Сопровождать партию до Таскана охотно согласился Михаил Савин, молодой якут, добрый малый. Он приезжал на Среднекан еще в октябре вместе с Елисеем Владимировым, к рождеству присылал Раковскому в подарок конского сала, а в последний приезд пригонял оленей. Сопровождать группу Раковского взялся бесплатно, из уважения.

Вышли на Колыму. Лед был крепок, без заберегов и полыней. Переночевав на Усть-Среднекане, на другой день пробежали километров двадцать пять и на следующий — не меньше. На пятые сутки домчались до Утиной, на восьмые — до Таскана. Здесь встретили и наледи, и полыньи, увидели косяк гусей…

Вожак вел гусей на север. Туда же уходила и Тасканская долина, замыкаясь белоснежными, с голубыми тенями горами Туоннах, — так назвал их Михаил Савин. По его словам, там, у подножия этих гор, — Сеймчанская тропа. Туда и надо перебираться.

Шли берегом. Снег местами сошел, но земля была еще твердая, лишь глинистые комья, облепляя полозья, тормозили движение. Тормозили так, что усталые олени ложились. Их поднимали, нарты опрокидывали, очищали полозья. Два дня тянулись до юрты Петра Аммосова, а она от устья Таскана, как уверял проводник, совсем близко. На третий день, к обеду, прибыли.

Раковский измучился не менее других, но, наскоро перекусив, даже не почаевничав, вдруг ударился обратно, будто обронил что. На последнем переходе, километрах в трех, до юрты Аммосова, он заметил обнаженные граниты, и там что-то поблескивало на солнце. Вернулся к ним. С огромным трудом вскарабкался к обнажениям и среди глинистых сланцев обнаружил порфировую жилу с кварцевыми нитками. Молоток не захватил, стал отбивать рукояткой ножа, отколупывать… Сам по сторонам посматривает. Видит — еще одна жилка. Пробрался к ней, а недалеко — еще одна. Часов пять, пока не стемнело, «обнюхивал» Сергей эти жилки…

Они не походили на те, молниеподобные, красочно описанные Розенфельдом, но Сергей подумал, может, все-таки это и есть Гореловские. Скала пока почти вся под снегом, а освободится, и засверкают молнии.

Возвратившись в юрту Петра Аммосова, спросил его:

— Догор, купец Розенфельд не бывал здесь?

— Нет. Моя бедный был, купец моя юрта не ходил. Попову ходил.

Попов Василий Петрович и его сын Петр жили в двадцати километрах от юрты Аммосова, у самой Сеймчанской тропы. Все приезжие останавливались в просторной юрте Поповых. У них для увеселения даже граммофон был.

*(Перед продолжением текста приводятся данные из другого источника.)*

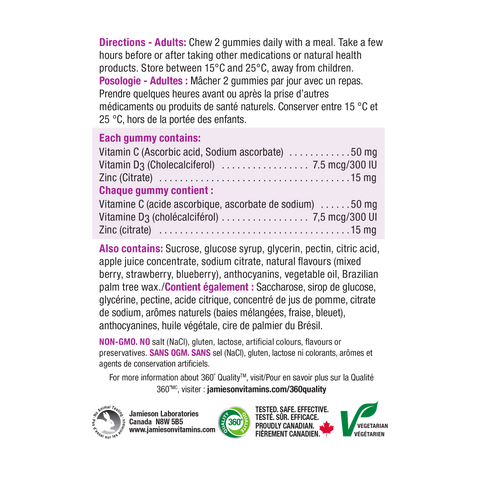 The Jamieson Zinc Gummy is a delicious way to ensure you are receiving adequate zinc to support both your immune and skin health.
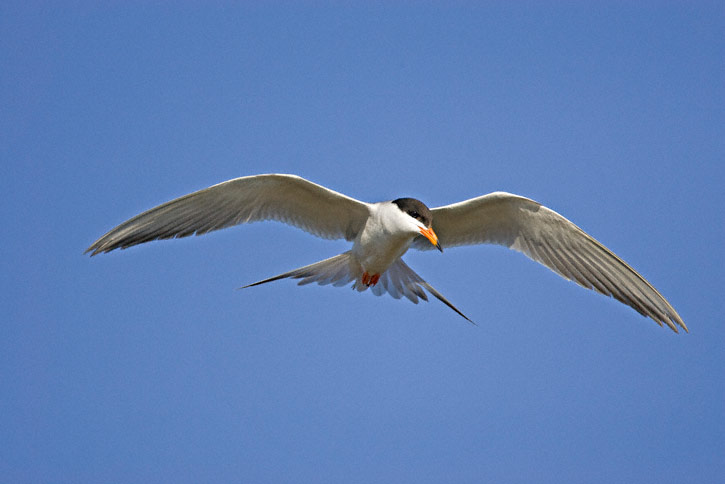 | The next two shots show a breeding plumaged Forster's Tern in flight at Benton Lake N.W.R., Cascade Co., Montana, in June, 2007. These shots were taken with a Canon EOS 1D Mark II and EF 500mm F/4 L IS lens and 1.4X extender. |
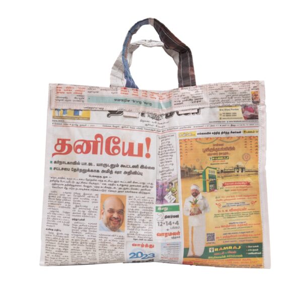 Sturdy and eco friendly paper bags made entirely out of newspapers with stitching for the edges.
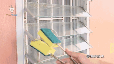 然后打湿海绵,去清理窗户或者百叶窗,堆积的灰尘可以很轻松地清理干净。
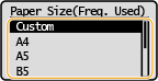 You can ensure that only frequently used paper sizes are shown in the <Frequently Used Sizes> screen for selecting the paper size setting.
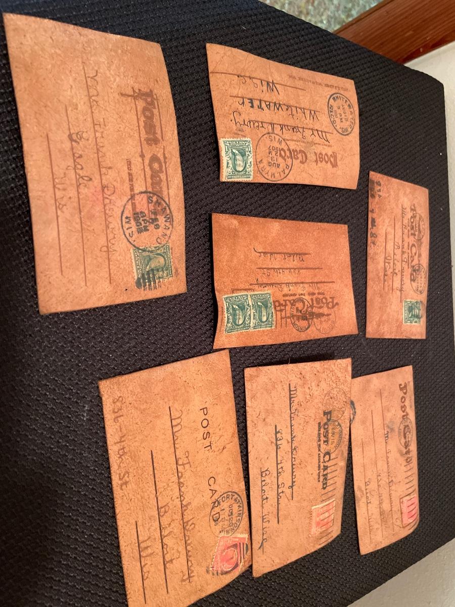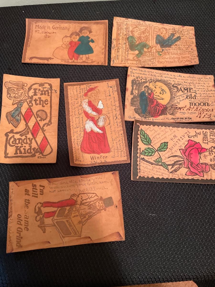 7 vintage leather post cards
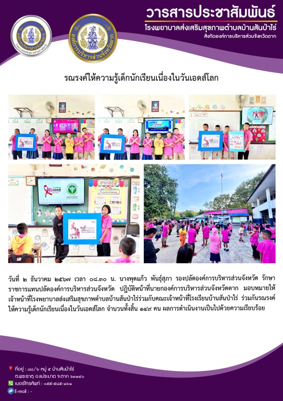 2/12/67 รพ.สต.บ้านสันป่าไร่ร่วมกับโรงเรียนบ้านป่าไร่เหนือ ให้ความรู้แก่เด็กนักเรียน จำนวน 149 คน เนื่องในวันเอดส์โลก
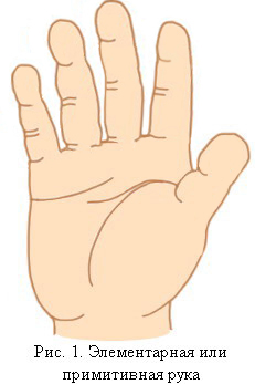 Внешние признаки: ширина Примитивной, или как ее еще называют, Элементарной руки почти равняется длине (длина измеряется от кистевого сгиба до конца пальцев). Рука грубая, а пальцы малоподвижны. Большой палец невелик и неуклюж, а из-за плохой подвижности обыкновенно немного отстает от ладони.

Василий Петрович и новых гостей принял радушно, как старых знакомых. С Раковским, Лунеко, Чистяковым Поповы виделись на Среднекане, когда привозили мясо и договаривались о найме лошадей. Тогда Василий Петрович и получил задаток: двести пятьдесят рублей, банку шанхайского сала и пуд муки. Прикомандированного к экспедиции слухача-радиста, оказалось, он тоже знает давно, еще с тех пор, когда тот в Ямске и в Оле факториями заведовал. Только фамилию не мог четко выговорить. У него получалось то Слепцов, то Спецов.

Обменялись, как водится, капсе. А новостей — со всех сторон света: с Якутска, Оймякона, Среднекана, Олы… Раковский с радостью узнал, что лошади для экспедиции закуплены и, как только будут в теле, Василий Петрович сам пригонит их в Среднекан. Завтра утром хозяин пообещал показать хороший лес для постройки лодки и даже вызвался подвезти к нему за сносную плату. За такую же мзду обещал поставить трех коней для разведки в верховьях Таскана.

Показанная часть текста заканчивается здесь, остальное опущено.